Gordon’s portion of the exhibition began with a painting of an intimate scene of her in her childhood bedroom. From there, she used a sewing machine to attach a thread that dangles across the entire untitled piece.

“The piece is supposed to be centered around intimacy — intimacy with yourself and just being more comfortable with that because that’s one of the things that was a struggle for me,” Gordon said. “Showcasing self-love, in a way.”

Across the room on the floor is a white, pulsing, felted wool and silk cocoon, titled Pupa, created by third-year MFA student in sculpture and intermedia Jules Bunch.

Bunch began making cocoons as a representation of something they could hide in — from there, they made smaller ones that could hold emotions of grief or trauma, and other things they wanted to compartmentalize in a safe way.

“I realized I was dedicating a lot of time to trauma, and why not dedicate some time and care and attention to things that I really appreciate about myself?” Bunch said.

Their work with electronic programming to control mechanical components helped create a small robot, or what they call the “pupa,” to live inside the cocoon. The robot mechanically breathes in a calm, relaxed manner to pull together new aspects of self-care.

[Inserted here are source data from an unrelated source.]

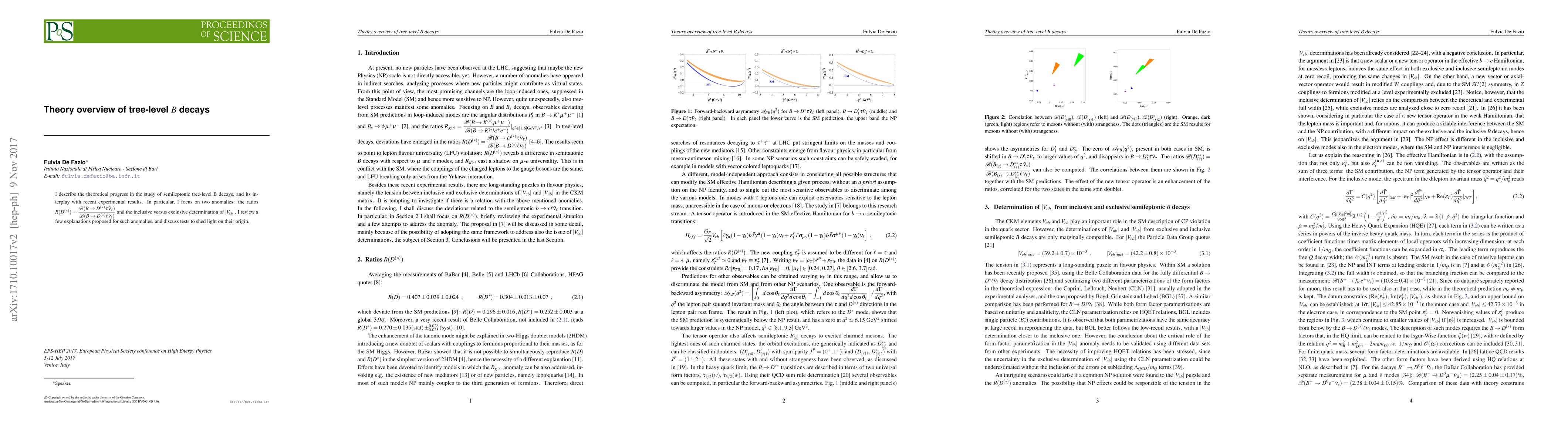 I describe the theoretical progress in the study of semileptonic tree-level B decays, and its interplay with recent experimental results. In particular, I focus on two anomalies: the ratios $R(D^{(*)})=\displaystyle\frac{{\cal B}(B \to D^{(*)} \tau \bar \nu_\tau)}{{\cal B}(B \to D^{(*)} \ell \bar \nu_\ell)}$ and the inclusive versus exclusive determination of $|V_{cb}|$. I review a few explanations proposed for such anomalies, and discuss tests to shed light on their origin.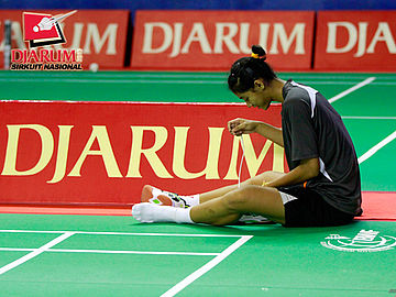 Salah satu atlet SGS PLN saat membetulkan tali sepatunya.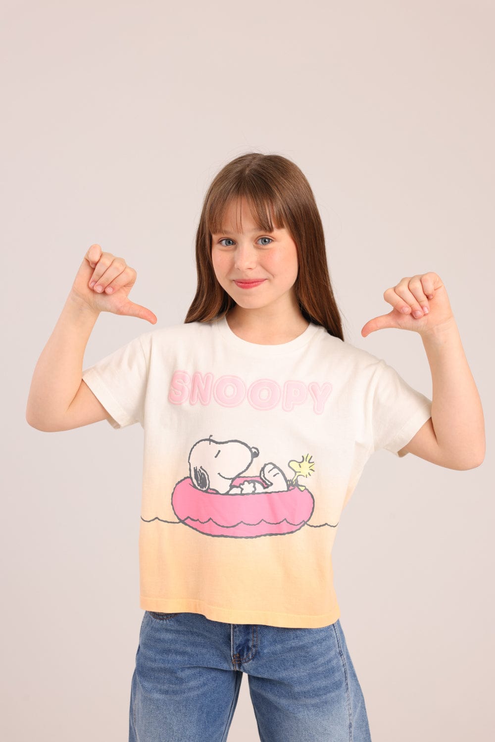 חולצה קצרה אוברסייז ממותגת סנופי עם הדפס קדמי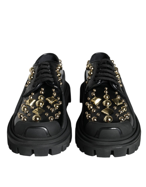 Gorgeous, brand new with tags 100% Authentic Dolce & Gabbana black Trekking derby. The model is made of soft polished leather, and the lapel-style inserts on the side panels are made of dense rubber. The masculine character of the pair on a chunky tread sole is balanced by the decorations, a pattern of shiny gold studs on the cape.

Bunch, along with Gordon and Shepherd, all look forward to seeing their peers’ fiber work showing off the importance of the practice.

Working with fibers is a growing theme in UI’s School of Art and Art History, and to We Need Fibers creator Shephard not having a fibers program, feels a little political.

“I think it’s always been this way but maybe the pandemic has propelled a greater desire, out of isolation, to be more interdisciplinary,” Shepherd said.